No =STDEV(). No pivot table. No manually filtering by grade. One ggplot call split the data, colored it by group, and showed you the distribution — automatically.

🖥️ Your Turn: Build Figure 2 from Scratch

Using trial, make a boxplot of marker levels by stage (not grade this time), filled by trt. Add axis labels and a title.

Hint: geom_boxplot(aes(x = stage, y = marker, fill = trt))

Tip

trial |> ggplot(aes(x = stage, y = marker, fill = trt)) + geom_boxplot(alpha = 0.7) + labs( title = "Marker Level by Tumor Stage and Treatment", x = "Tumor Stage", y = "Marker Level", fill = "Treatment" ) + theme_minimal()
trial |>
  ggplot(aes(x = stage, y = marker, fill = trt)) +
  geom_boxplot(alpha = 0.7) +
  labs(
    title = "Marker Level by Tumor Stage and Treatment",
    x     = "Tumor Stage",
    y     = "Marker Level",
    fill  = "Treatment"
  ) +
  theme_minimal()

Section 4: The Numbers Behind the Story

What “analysis” means in a clinical paper

You’ve described the data (Table 1) and shown it visually (Figures 1–2).

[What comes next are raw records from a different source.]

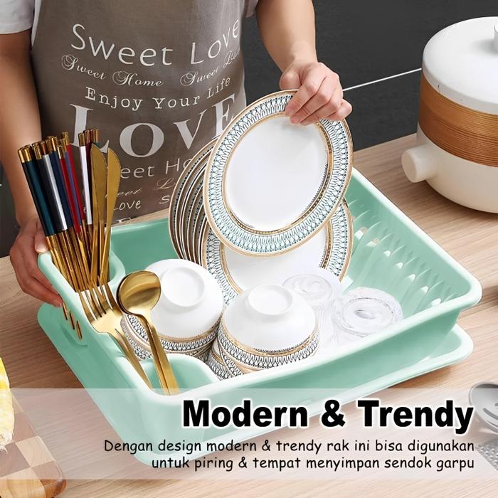 Rak Piring Multifungsi / Rak Piring Plastik Serbaguna Dengan Nampan Rak Tirisan Piring Wastafel Pink - Biru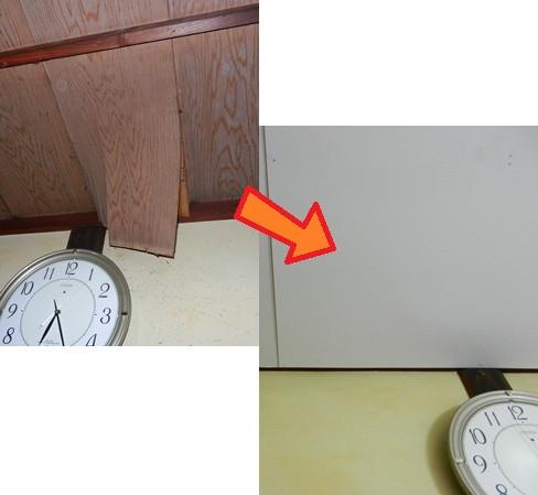 天井も例外ではなく、ベニヤ板の長方形が合わない。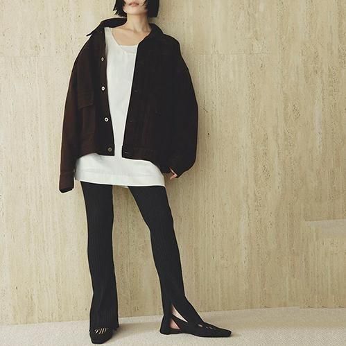 オーバーサイズながらも肩になじむシルエットでこなれ感をプラスしています。
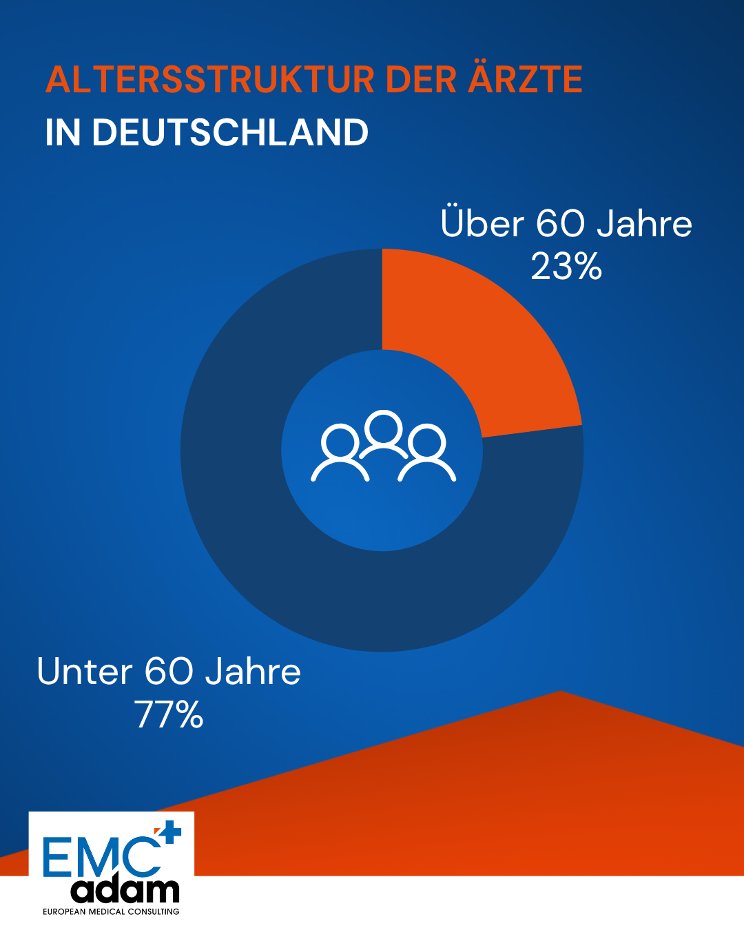 Laut der aktuellen Ärztestatistik der Bundesärztekammer (BÄK) waren Ende 2024 rund 437.000 Ärzte in Deutschland berufstätig. Auf den ersten Blick klingt das nach einer stabilen Versorgungslage. Doch ein Blick in die Altersstruktur zeigt, wie trügerisch diese Zahl ist, denn 23 Prozent aller berufstätigen Ärzte, also fast jeder vierte Mediziner, haben bereits das 60. Lebensjahr überschritten. Die Jahrgangsstärke in der Altersgruppe der 60- bis 65-Jährigen beträgt laut BÄK rund 10.000 Personen pro Jahrgang, die in naher Zukunft in den Ruhestand eintreten werden.
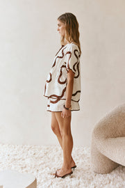 Introducing our Rayne set from our Sono Arte collection - The Rayne Top is made from a natural linen cotton blend fabric with our exclusive Marbled Mocha print. It is a relaxed fit and features contrast chocolate bind trims, split at centre neck with tie closure, short boxy sleeves, pintuck details across top and a flouncy flared hem. Get the look with the Rayne Skirt. Designed exclusively by Sabo.

Now you need to formally answer the research question:

“Is Drug A more effective than Drug B?”

  • A chi-square test on response rate (categorical outcome)
  • A group comparison of marker levels by treatment
  • These are the p-values that go in your Results section

Formal Test: Response Rate

# Chi-square: response rate by treatment arm
trial |>
  select(trt, response) |>
  tbl_summary(
    by = trt,
    statistic = all_categorical() ~ "{n} ({p}%)",
    label = response ~ "Treatment Response"
  ) |>
  add_p() |>
  bold_labels()
Characteristic Drug A
N = 981
Drug B
N = 1021
p-value2
Treatment Response 28 (29%) 33 (34%) 0.5
    Unknown 3 4
1 n (%)
2 Pearson’s Chi-squared test

Formal Test: Marker Levels

# t-test: marker level by treatment arm
trial |>
  select(trt, marker) |>
  tbl_summary(
    by = trt,
    statistic = all_continuous() ~ "{mean} ({sd})",
    label = marker ~ "Marker Level"
  ) |>
  add_p() |>
  bold_labels()
Characteristic Drug A
N = 981
Drug B
N = 1021
p-value2
Marker Level 1.02 (0.89) 0.82 (0.83) 0.085
    Unknown 6 4
1 Mean (SD)
2 Wilcoxon rank sum test

Full Results Table

# Combine into one clean results table
trial |>
  select(trt, response, marker, grade, stage) |>
  tbl_summary(
    by = trt,
    statistic = list(
      all_continuous() ~ "{mean} ({sd})",
      all_categorical() ~ "{n} ({p}%)"
    ),
    label = list(
      response ~ "Treatment Response",
      marker ~ "Marker Level",
      grade ~ "Tumor Grade",
      stage ~ "T Stage"
    )
  ) |>
  add_p() |>
  add_overall() |>
  bold_labels() |>
  modify_header(label = "**Outcome / Variable**")
Outcome / Variable Overall
N = 2001
Drug A
N = 981
Drug B
N = 1021
p-value2
Treatment Response 61 (32%) 28 (29%) 33 (34%) 0.5
    Unknown 7 3 4
Marker Level 0.92 (0.86) 1.02 (0.89) 0.82 (0.83) 0.085
    Unknown 10 6 4
Tumor Grade


0.9
    I 68 (34%) 35 (36%) 33 (32%)
    II 68 (34%) 32 (33%) 36 (35%)
    III 64 (32%) 31 (32%) 33 (32%)
T Stage


0.9
    T1 53 (27%) 28 (29%) 25 (25%)
    T2 54 (27%) 25 (26%) 29 (28%)
    T3 43 (22%) 22 (22%) 21 (21%)
    T4 50 (25%) 23 (23%) 27 (26%)
1 n (%); Mean (SD)
2 Pearson’s Chi-squared test; Wilcoxon rank sum test

What the Paper Says

Your Results section now writes itself from the output:

Treatment Response. The response rate was 28% (30/107) in the Drug A arm vs. 35% (33/93) in the Drug B arm. This difference was not statistically significant (p = 0.2).”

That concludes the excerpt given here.